A stereo power amplifier is limited in its output power by two main factors - the impedance of the load and the internal power supply voltage. To obtain more power, one has very limited choices - other than the purchase of a more powerful amp.The load impedance can be lowered, but if the load happens to be a pair of standard loudspeakers this is not viable, since the impedance is set by the drivers themselves. Increasing the power supply voltage is generally a bad idea, since most commercial amps do not have a wide safety margin with component ratings, and will probably be destroyed if the voltage were to be raised sufficiently to obtain even 50% more power.

The bridging adapter shown in Figure 1 can make an amplifier produce almost 4 times the power for the same impedance - but beware of the pitfalls. Basically, these are:

  • The amplifier must be rated to drive a load impedance which is half that of the speakers to be connected
  • Although some forms of distortion will cancel, the primary form of amplifier non-linearity - crossover distortion - will be worse ...
  • Both amplifiers in bridge will cross the zero volt point at the same time
  • The impedance is lower, there is more current, so each amplifier's contribution will be greater
  • Bridging adaptor

    Figure 1 - Power Amplifier Bridging Adapter

    Construction is not critical, and the adapter has unity gain for each output. Naturally, 1% metal film resistors should be used, and the choice of opamp is not too critical - the TL072/082 is perfectably acceptable in this configuration, and will have low noise and a wide bandwidth. Note that if interconnect leads are to be used from the adapter to the power amp, the 100 Ohm resistors shown must be placed in series with each output to prevent instability - this is important, as an oscillating adapter will inject an AC voltage of perhaps hundreds of kiloHertz into the amp's input, with the very real possibility of destruction of the output transistors. The power supply may be taken from the preamp supply (this should be +/-12V to +/-15V). The preamp output is connected to the adapter's input, and for the sake of convention, connect the + OUT to the Left power amp's input, and the - OUT to the Right amp's input (as indicated in Figure 1). For opamp pinouts, go to the National Semiconductor page, where this information is to be found.

    Naturally, for stereo two circuits are needed, as well as a second (preferably identical) stereo power amp. This arrangement is also very useful to convert an otherwise mediocre stereo power amp into a perfectably acceptable sub-woofer amplifier, having plenty of power (depending on the power of the original, of course).

    Quality is not so much of an issue for a sub, since only the low frequencies are reproduced, and amplifier distortion is as nothing to the distortion generated by a loudspeaker at low frequencies.The loudspeaker is connected between the amplifier's + outputs only, and neither side of the speaker can be earthed or connected to any other amplifier output  - either of these WILL blow up your amplifier.


    When the unit is built, after checking that power is correct (no more than +/-15V), some basic tests need to be done.

  • First, make sure that there is no appreciable DC offset at the outputs.

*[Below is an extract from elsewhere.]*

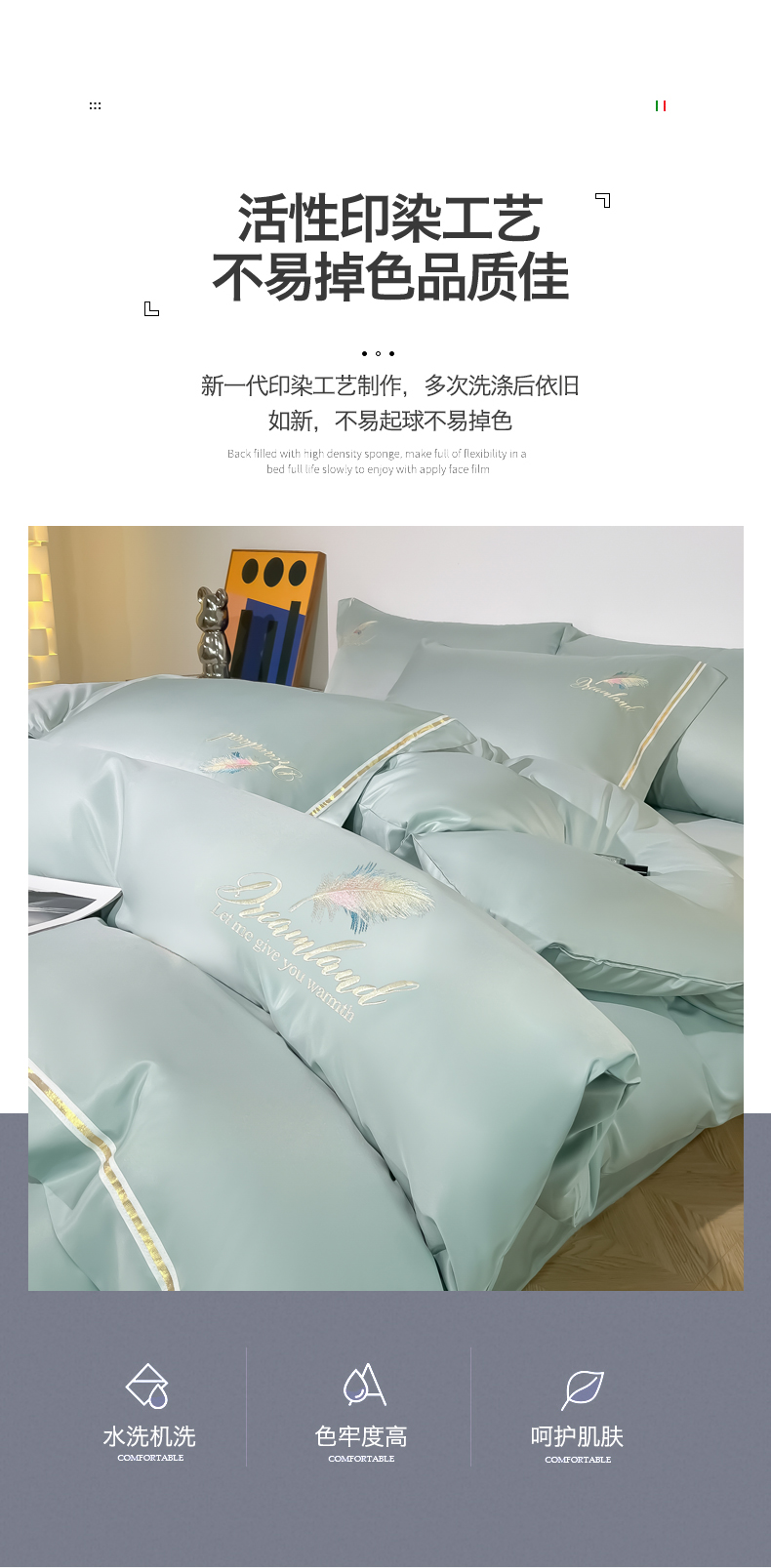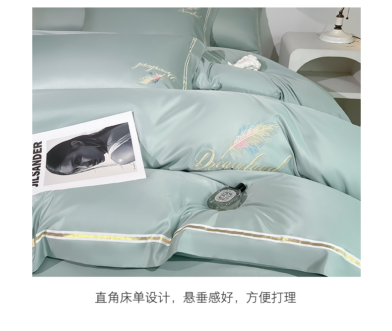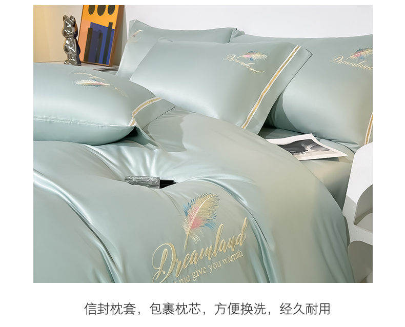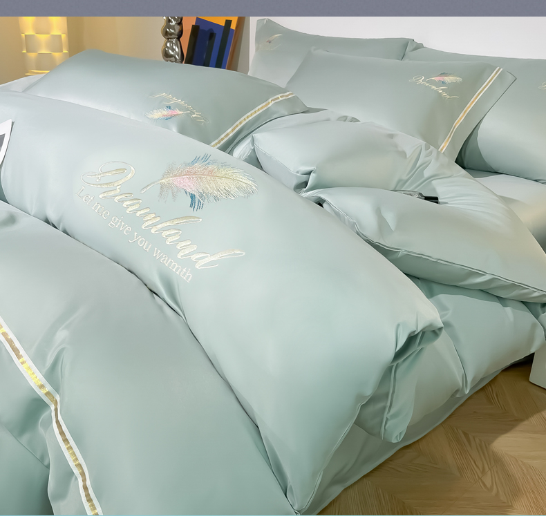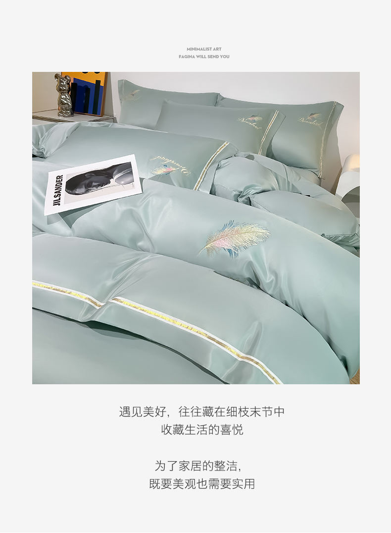 当前位置: 91家纺网 > 商品网购 > 床品套件 > 四件套 > 2025新款水洗冰丝刺绣四件套羽毛系列轻奢时尚北欧风床上用品学生宿舍三四件套 羽毛-浅水绿

Generally it should be no more than about 3mV, and will generally be less. More than about 100mV means you have a problem, so switch off immediately and check your work carefully.
  • Apply a signal to the input, and measure the level (a signal generator is best for this). Try for an input of about 1V RMS.
  • Measure the AC voltage at each output to ground. It should be exactly the same as the input for both outputs.
  • Measure the AC voltage between the two "hot" (signal) outputs (at the connector or the 100 ohm resistors). It should be exactly double the input voltage.
  • If all the above tests are OK, you can connect the output of your preamp to the input of the adaptor. Just for safety's sake, measure the DC output voltages again.  If the +OUT terminal now shows a DC voltage where none was evident before, check the -OUT terminal. You will probably find that it has the same voltage, but of opposite polarity. This means that there is DC from the preamp, so use a capacitor in series with the input to get rid of it (or fix the preamp :-)

    If the power amp has a volume control (or controls), make sure that both channels are set to maximum. Do not connect a speaker until you have verified that the amps' outputs are at zero volts (+/-100mV or so), and that there are no large voltage swings when the amp (or adaptor) are turned on or off. If possible, the power to the adaptor should be applied first. It is possible to leave it on permanently if powered from an AC adaptor, as current drain is very low.Once these tests have been completed, you may connect the speaker. Remember that the power will be four times that from a single channel of the amp for the same impedance, so overdriving the speakers is quite possible. Use the utmost care, especially with expensive speakers.

    Bridging Principles

    For those who have not used bridging or who do not understand the principles, a short explanation of how the adapter is used and how this almost quadruples the output power is called for.

    The adapter is connected between the preamplifier and the power amps.The power amps must be the same - power rating, minimum impedance rating, etc. Generally, a stereo power amp is used, so when connected in bridge mode we are assured that the amplifiers are more or less identical. Normally, the speaker is driven from the amplifier output to ground, and the AC swing is limited by the supply voltages in the amp.Consider a 50 Watt per channel power amp - 50W into 8 Ohms requires a signal voltage of 20V RMS:

  • P=V² / R = 20² / 8 = 400 / 8 = 50 Watts
  • To achieve this, the peak voltage is just over +/-28V (20 * 1.414), and a power supply voltage of about +/-35V will generally be used to allow for losses and mains voltage variations. The same amplifier into 4 Ohms will deliver close to 100W - provided the power supply does not collapse under the load. For both these examples, only one side of the loudspeaker is driven, and the other is grounded.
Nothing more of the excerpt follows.